**What you should do:** Return all of the data below verbatim and exclude every picture.

**Collected data:**

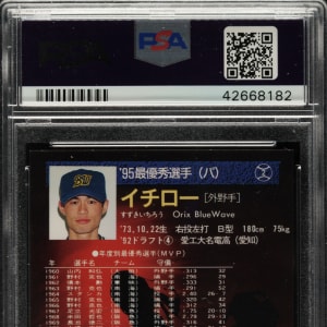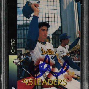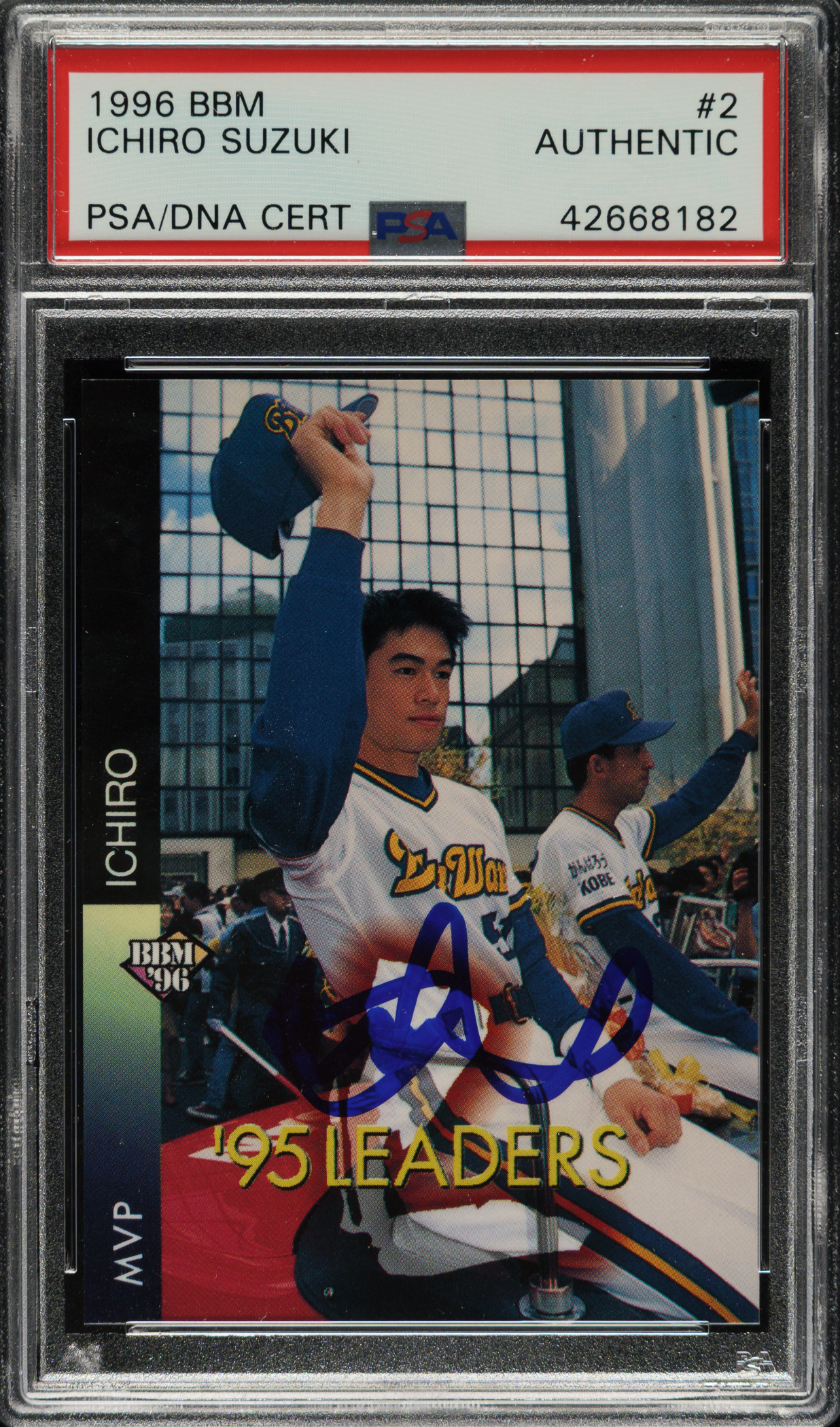 PSA/DNA has encapsulated the card and certified the signature as "Authentic." Seattle Mariners Hall of Famer Ichiro Suzuki (pictured as a member of the Orix Blue Wave).
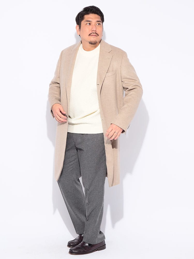 イタリアの高級服地メーカーPIACENZA社のカシミヤを100%使用した、贅沢なシングルチェスターコート。極上の柔らかさと温もり、滑らかな肌触りが、大人の男性にふさわしい品格と着心地を約束します。ビジネスからフォーマルなシーンまで、洗練されたデザインが装いを格上げし、秋冬の至極のアウターとして活躍します。
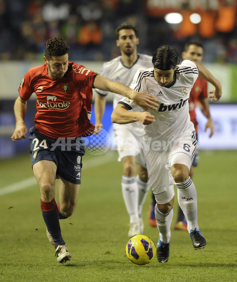 ボールを競るオサスナのダミア(Damia Abella Perez、左)とレアル・マドリードのサミ・ケディラ(Sami Khedira、2013年1月12日撮影)。(c)AFP/ANDER GILLENEA
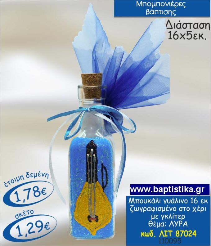 ΜΠΟΥΚΑΛΙ ΓΥΑΛΙΝΟ ΖΩΓΡΑΦΙΣΜΕΝΟ ΣΤΟ ΧΕΡΙ ΜΕ ΓΚΛΙΤΕΡ ΜΕ ΘΕΜΑ ΛΥΡΑ μπομπονιέρες βάπτισης - γαμου & δώρα πάρτυ σε οικονομικές και φτηνές τιμές Ιλισια Ζωγραφου ΜΕΓΑΛΕΣ ΠΡΟΣΦΟΡΕΣ ΕΝΤΟΣ ΚΑ

**Solution to this task:**
 PSA/DNA has encapsulated the card and certified the signature as "Authentic." Seattle Mariners Hall of Famer Ichiro Suzuki (pictured as a member of the Orix Blue Wave).
 イタリアの高級服地メーカーPIACENZA社のカシミヤを100%使用した、贅沢なシングルチェスターコート。極上の柔らかさと温もり、滑らかな肌触りが、大人の男性にふさわしい品格と着心地を約束します。ビジネスからフォーマルなシーンまで、洗練されたデザインが装いを格上げし、秋冬の至極のアウターとして活躍します。
 ボールを競るオサスナのダミア(Damia Abella Perez、左)とレアル・マドリードのサミ・ケディラ(Sami Khedira、2013年1月12日撮影)。(c)AFP/ANDER GILLENEA
 ΜΠΟΥΚΑΛΙ ΓΥΑΛΙΝΟ ΖΩΓΡΑΦΙΣΜΕΝΟ ΣΤΟ ΧΕΡΙ ΜΕ ΓΚΛΙΤΕΡ ΜΕ ΘΕΜΑ ΛΥΡΑ μπομπονιέρες βάπτισης - γαμου & δώρα πάρτυ σε οικονομικές και φτηνές τιμές Ιλισια Ζωγραφου ΜΕΓΑΛΕΣ ΠΡΟΣΦΟΡΕΣ ΕΝΤΟΣ ΚΑ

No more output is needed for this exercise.